§ **About this task**
Beginning with the line that contains "Pulsera de piedra", restate each line below through the final one exactly, and exclude the pictures.

§ **Data**

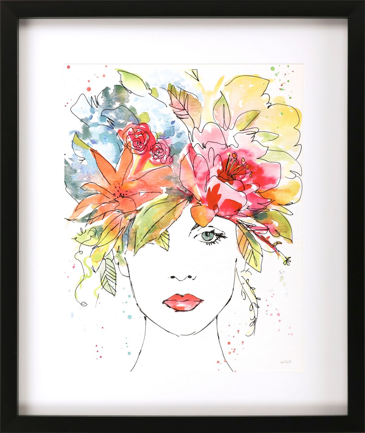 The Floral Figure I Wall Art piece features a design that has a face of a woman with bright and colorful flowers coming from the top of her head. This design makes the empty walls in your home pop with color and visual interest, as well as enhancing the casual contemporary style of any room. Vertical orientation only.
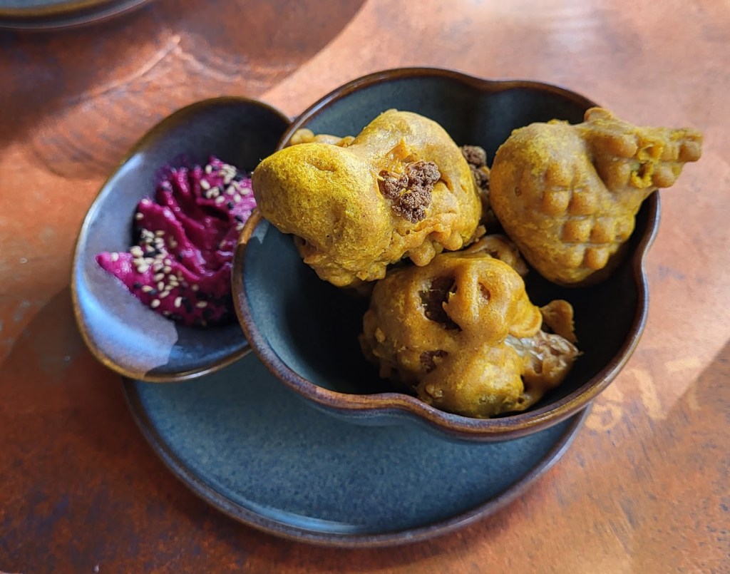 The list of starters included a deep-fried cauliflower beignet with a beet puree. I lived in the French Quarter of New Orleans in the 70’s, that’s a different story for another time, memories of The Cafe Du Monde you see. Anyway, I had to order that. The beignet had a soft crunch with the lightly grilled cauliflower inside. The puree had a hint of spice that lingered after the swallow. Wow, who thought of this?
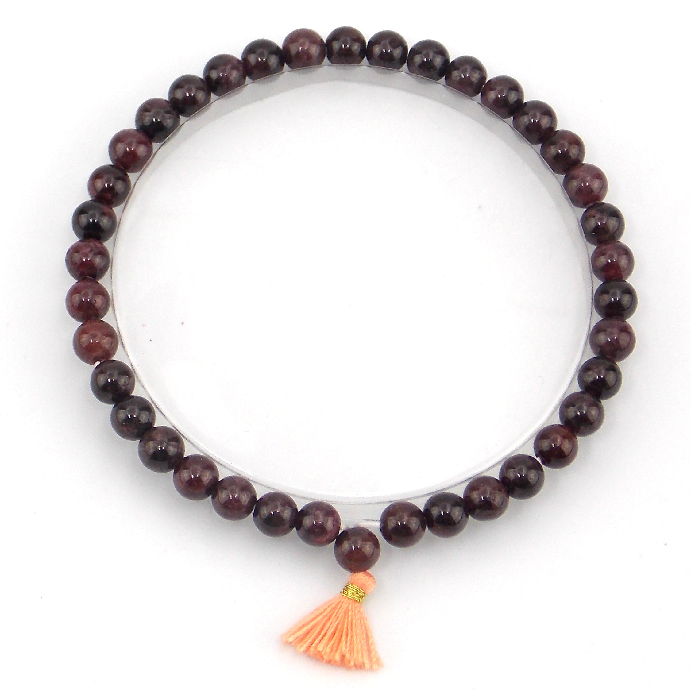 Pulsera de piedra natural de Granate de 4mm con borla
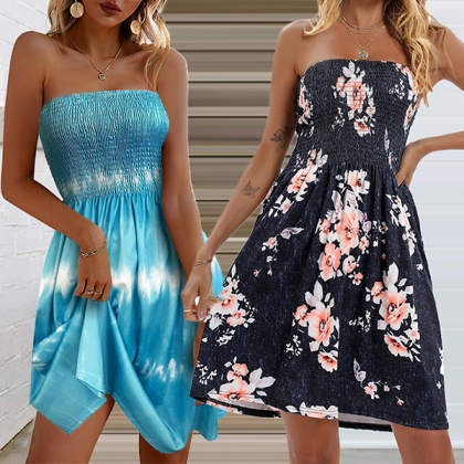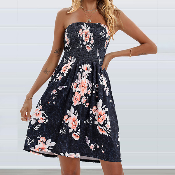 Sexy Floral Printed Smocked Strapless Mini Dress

§ **Solution to the problem**
 Pulsera de piedra natural de Granate de 4mm con borla
 Sexy Floral Printed Smocked Strapless Mini Dress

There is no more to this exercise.